Jože Plečnik, né à Ljubljana, capitale de la Slovénie alors sous domination austro-hongroise, était le fils d’un menuisier. Dès son enfance, il montre un intérêt marqué pour le dessin plutôt que pour l'ébénisterie, bien que son père souhaitât qu'il reprenne l'atelier familial. Après une formation à l’école technique de Graz où il étudie l’ébénisterie tout en s’initiant à l'architecture, il poursuit son apprentissage à Vienne dans une entreprise de menuiserie. En 1894, il intègre l’atelier du célèbre architecte viennois Otto Wagner, où il s’imprègne des principes de la Sécession viennoise. Il participe notamment à la réalisation du métro de Vienne et obtient son diplôme d'architecte, ce qui lui permet de recevoir une bourse pour un séjour à Rome, qui marquera un tournant dans sa carrière.
Membre actif du mouvement de la Sécession, Plečnik réalise des villas dans le style Art nouveau, mais son approche évolue rapidement. Dès 1903, avec l’immeuble Zacherl, il se distingue par un mélange audacieux de rigueur moderne et d’éléments baroques. En 1910, il reçoit la commande de l’église du Saint-Esprit à Vienne, où il fait preuve de son originalité en utilisant le béton comme matériau structurel et décoratif, bien avant Auguste Perret. Ce projet, avec sa forme classique et son monumental fronton, amorce une série d’édifices religieux où sa foi catholique s’exprime pleinement. En 1912, il est pressenti pour succéder à Otto Wagner à la tête de l'Académie des beaux-arts de Vienne, mais son échec à obtenir cette position le marque profondément.
L’après-guerre inaugure une nouvelle phase dans la carrière de Plečnik, qui divise désormais son temps entre Prague et Ljubljana. À Prague, il entreprend la transformation du Château de Prague, réaménageant les jardins et créant des salles en harmonie avec le passé tout en y introduisant des éléments modernes. Intime du président Masaryk, il joue un rôle clé dans l’aménagement de l’espace présidentiel et la modernisation de la capitale tchécoslovaque. Cependant, c’est à Ljubljana que son influence se fait sentir de manière la plus marquante. À partir des années 1920, il prend en charge l'urbanisme de la ville et la transformation de ses espaces publics. Il y réalise des œuvres majeures comme l’église Saint-François de Šiška (1925-1931) et la Bibliothèque universitaire (1936-1941), qui témoignent de sa capacité à fusionner traditions classiques et modernité. À Ljubljana, il occupe également un poste de professeur à la faculté d’architecture, formant plusieurs générations d’architectes.

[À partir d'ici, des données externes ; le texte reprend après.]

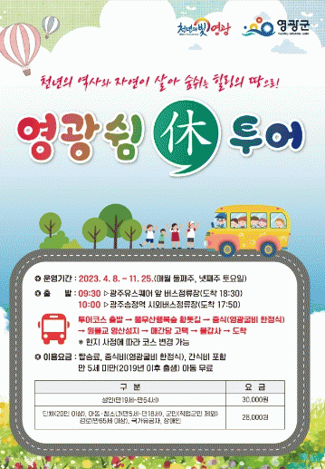 Åõ¾î´Â ¿ÜºÎ °ü±¤°´À» ´ë»óÀ¸·Î 4¿ù 8ÀϺÎÅÍ 11¿ù 25ÀϱîÁö ¸Å¿ù µÑ°ÁÖ, ³Ý°ÁÖ Åä¿äÀÏ 16ȸ ¿î¿µÇÏ¸ç ±¤ÁÖ À¯½ºÄù¾î(¹ö½ºÅ͹̳Î) ¾Õ ¹ö½ºÁ¤·ùÀå 9½Ã 30ºÐ, ±¤ÁÖ ¼ÛÁ¤¿ª ½Ã¿Ü¹ö½º Á¤·ùÀå¿¡¼ 10½Ã¿¡ Ãâ¹ßÇÑ´Ù. ÄÚ½º´Â ¹°¹«»êÇູ½£ ȲÅê±æ, ¿øºÒ±³ ¿µ»ê¼ºÁö, ¸Å°£´ç °íÅÃ, ºÒ°©»ç µî õ³âÀÇ ¿ª»ç¡¤¹®È¡¤ÀÚ¿¬°ú ÇÔ²² ÁöÄ£ ÀÏ»óÀ» ³»·Á³õ°í Àá½Ã ½¬¾î°¥ ¼ö ÀÖ´Â Èú¸µÄÚ½º·Î ¿î¿µµÇ¸ç, Áß½ÄÀº ¿µ±¤±¼ºñ ÇÑÁ¤½ÄÀ¸·Î Á¦°øµÇ¾î ¿µ±¤ÀÇ ¸Àµµ ´À²¸º¼ ¼ö ÀÖ´Ù.

Après la Seconde Guerre mondiale, la montée du régime communiste en Yougoslavie et l’influence grandissante de Tito amènent Plečnik à une forme de marginalisation. Son style néo-classique et son catholicisme sont désormais perçus avec méfiance par les autorités. Ses commandes publiques se réduisent et ses projets sont progressivement limités à de petites fontaines et monuments. Son dernier projet majeur, en 1956, est un pavillon de repos pour le maréchal Tito à Brioni.
Cependant, l’exposition consacrée à Plečnik en 1986 au Centre Georges-Pompidou à Paris redécouvre l’importance de son œuvre, longtemps éclipsée par les architectes du Mouvement moderne, qu'il n’a jamais apprécié. Critique du rationalisme hygiéniste des modernistes, il considère le travail de Le Corbusier comme une expression froide et fonctionnelle, dépourvue de la richesse spirituelle et formelle qui caractérise ses propres créations. Plečnik, qui a toujours puisé dans l'architecture classique et la culture de l’Europe centrale baroque, apparaît ainsi comme un précurseur du postmodernisme. Il a réinventé les formes antiques, jouant avec les colonnes, les chapiteaux et les proportions classiques. Son œuvre demeure profondément marquée par sa foi catholique, qu’il a intégrée dans ses projets non seulement comme un élément esthétique, mais aussi comme un véritable principe spirituel. En dépit de sa marginalisation dans les dernières années de sa vie, Plečnik reste l’un des architectes les plus singuliers et influents du XXe siècle, alliant une vision radicale de la modernité à un respect profond de la tradition.